The confusion you may be experiencing right now can be understood as the internet hasn’t quite adopted the new name of the FSB. You have most likely already seen FSCA regulated South Africa brokers, and wondered if there was a second regulatory body in South Africa. The truth is the fact that the FSB changed its name on April 1st, 2018. Everybody thought it was an April fool’s joke, so maybe that’s why the adaptation has been so slow.
The FSB is now referred to as the Financial Sector Conduct Authority, or FSCA, which is more of a mouthful than FSB isn’t it? Well, there were more changes than the name of the watchdog, let’s discuss them.
First things first, although it is already obvious, it’s still important to clarify the fact that FSB regulated Forex brokers are now referred to as FSCA regulated Forex brokers, it’s not that hard to remember. The change was quite rapid as even the Finance Minister Nhanhla Nene was involved in the project.
There was quite a lot of information to process from the change, especially for the regulated FX brokers in South Africa, as the changes were directly affecting them. Here are the key points.

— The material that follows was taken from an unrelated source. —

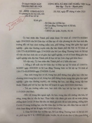 Căn cứ Công văn số 1602/UBND-KGVX ngày 29 tháng 04 năm 2020 của Ủy ban nhân dân Thành phố Hà Nội về việc cho Sinh viên, học viên các trường đại học, cao đẳng, trung cấp chuyên nghiệp và dạy nghề trực thuộc Thành phố trở lại học tập theo kế hoạch từ ngày 04/05/2020.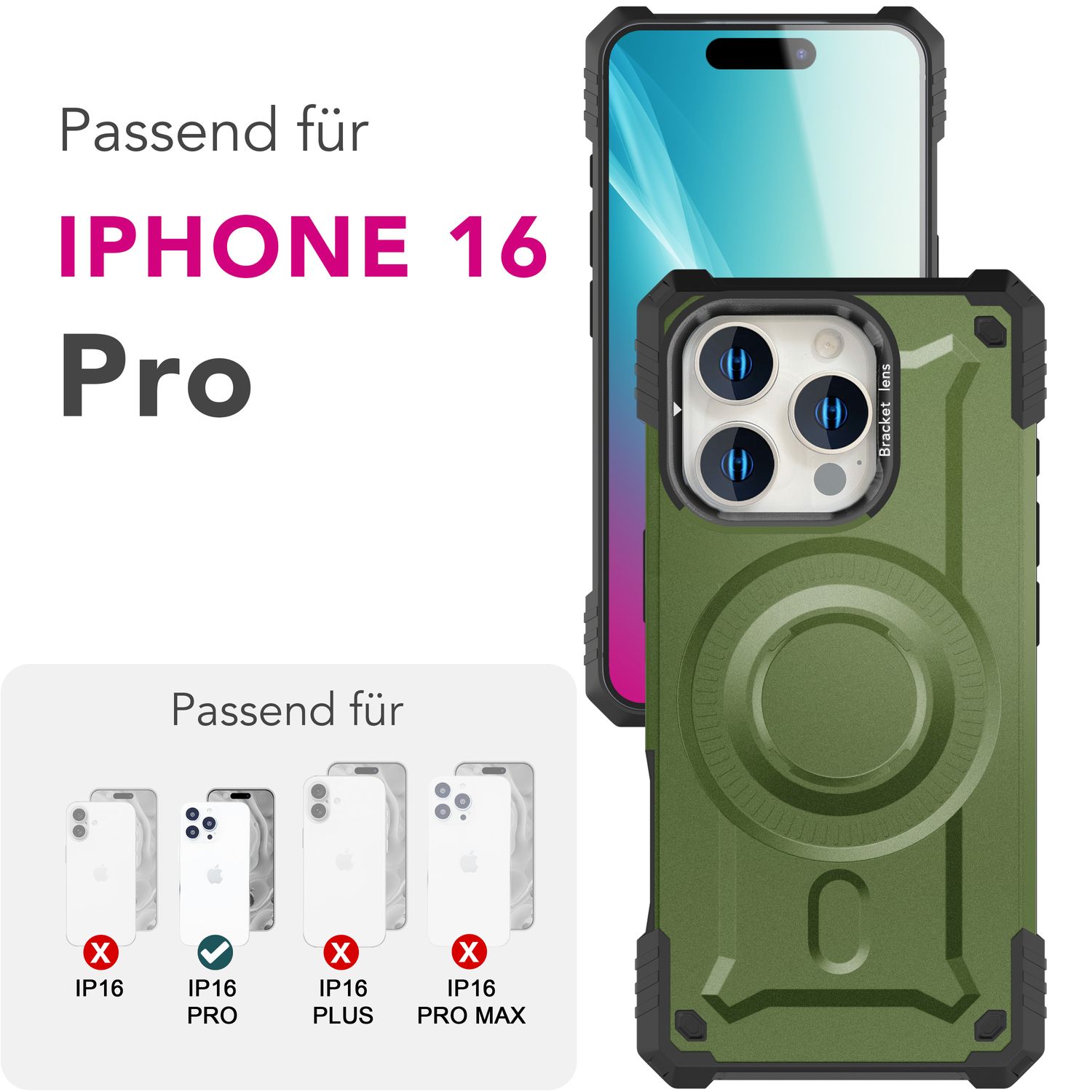 NALIA Granite Case for iPhone 16 Pro [for MagSafe], Extremely Robust Armored Protection, Strong MagPower Magnet, Shock and Shatter Resistant, Camera Stand

The changes, however, were not immediate. The regulatory body had decided that the implementation of the new laws needed to be gradual in order to provide the financial companies of South Africa sufficient time to adapt and prepare for the switch.
In most cases, when a financial watchdog makes such big changes, some of the former staff are disregarded or laid off. In this case, the changes turned out to be a lot more human in terms of human resources. The Executive Committee will consist of the same people, however only as a temporary fill. In time new Committee will form in order to tackle the changes. This will not be a big hit for the FSCA regulated Forex brokers as they will receive no different treatment. As a matter of fact, it will be a breath of fresh air as the financial watchdog will start retraining their current staff to accommodate the new standards.
Although the transition is predicted to be quite smooth, the adaptation of the new laws and names could still prove very hard for the old FSB regulated FX brokerages as they will have to change their whole business models to better accommodate the new demands from their institutional superiors. But the fact stays the same that the service they offer will only get better for the customer.